• Assignment: All of the listing should be output exactly, apart from the pictures.
====== Supplied information ======
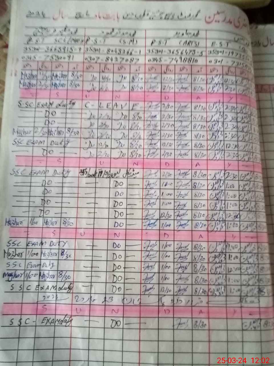 | 35**** | Mu**** Ma**** Fa**** | PST | Regular | 0 | 0 | 0 | 0 | 0 | 0 | 0 | 0 | 0 | Exam Duty |
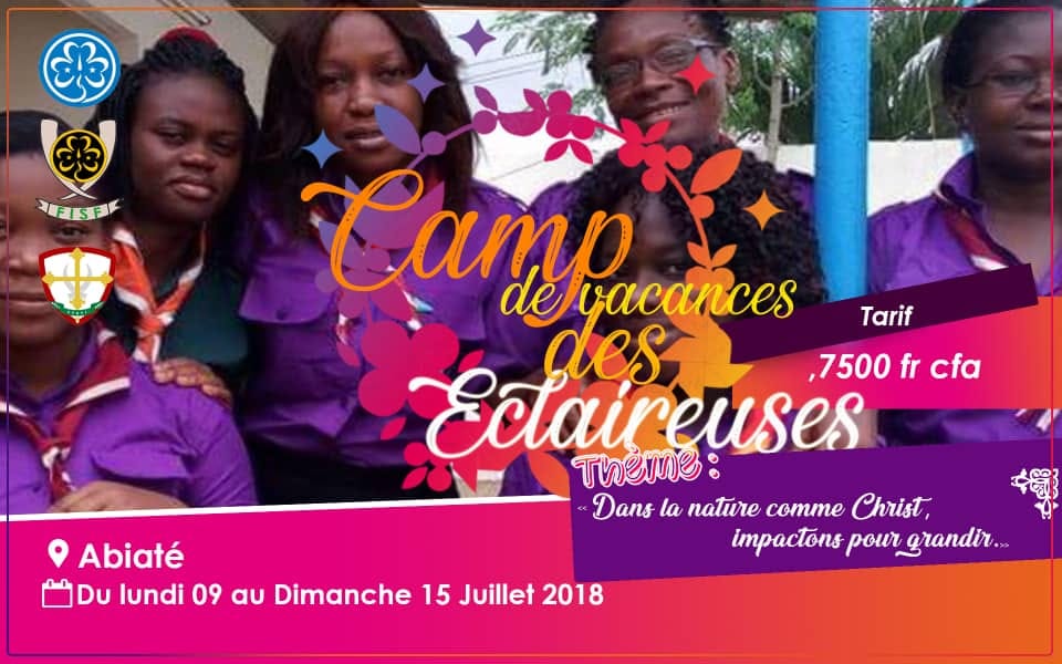 Les Eclaireuses Unionistes de Côte d'Ivoire (EUCI) organise un camp national de formation du 09 au 15 juillet 2018 pour toutes les éclaireuses et ainées à partir de 12 ans à Abiate/Songon.
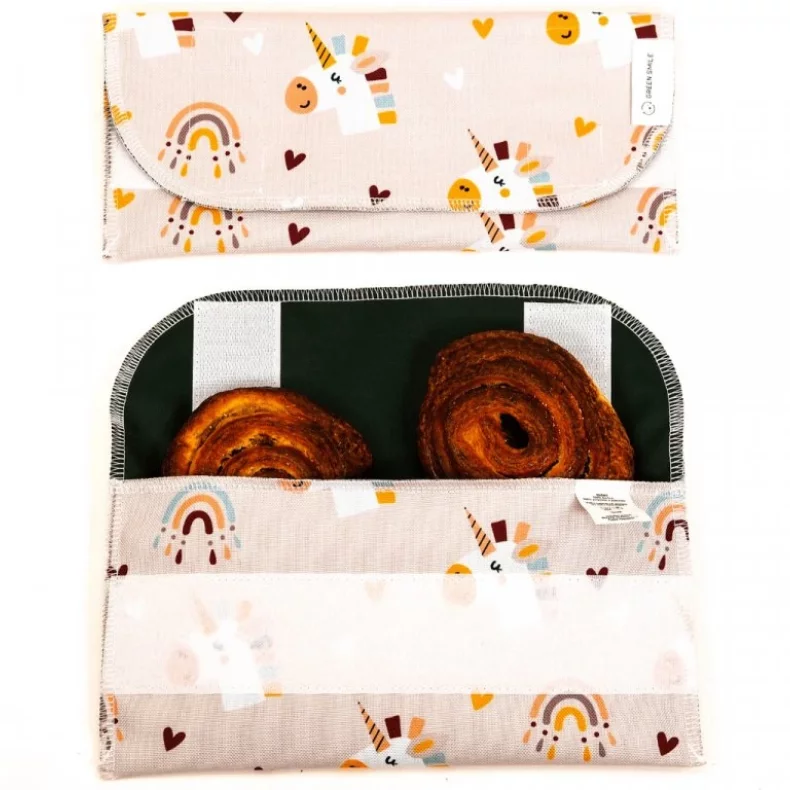 Svačinová kapsa je skvělou náhradou za plastové sáčky a jednorázové ubrousky. Tato ekologická varianta poslouží na zabalení svačiny do školy, přírody nebo do práce. Do kapsy se vejdou dva rohlíky nebo housky. Vnitřní i vnější materiál je navíc nepromokavý.
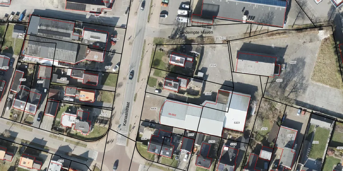 Kanaalstraat 55-A is gelegen op kadastraal perceel RDN01I1844. Deze kadastrale aanduiding is uniek en wordt gebruikt door het Kadaster om eigendomsrechten en andere zakelijke rechten vast te leggen. Het perceel maakt onderdeel uit van de kadastrale gemeente Roden.
======
• Solution to the exercise:
 | 35**** | Mu**** Ma**** Fa**** | PST | Regular | 0 | 0 | 0 | 0 | 0 | 0 | 0 | 0 | 0 | Exam Duty |
 Les Eclaireuses Unionistes de Côte d'Ivoire (EUCI) organise un camp national de formation du 09 au 15 juillet 2018 pour toutes les éclaireuses et ainées à partir de 12 ans à Abiate/Songon.
 Svačinová kapsa je skvělou náhradou za plastové sáčky a jednorázové ubrousky. Tato ekologická varianta poslouží na zabalení svačiny do školy, přírody nebo do práce. Do kapsy se vejdou dva rohlíky nebo housky. Vnitřní i vnější materiál je navíc nepromokavý.
 Kanaalstraat 55-A is gelegen op kadastraal perceel RDN01I1844. Deze kadastrale aanduiding is uniek en wordt gebruikt door het Kadaster om eigendomsrechten en andere zakelijke rechten vast te leggen. Het perceel maakt onderdeel uit van de kadastrale gemeente Roden.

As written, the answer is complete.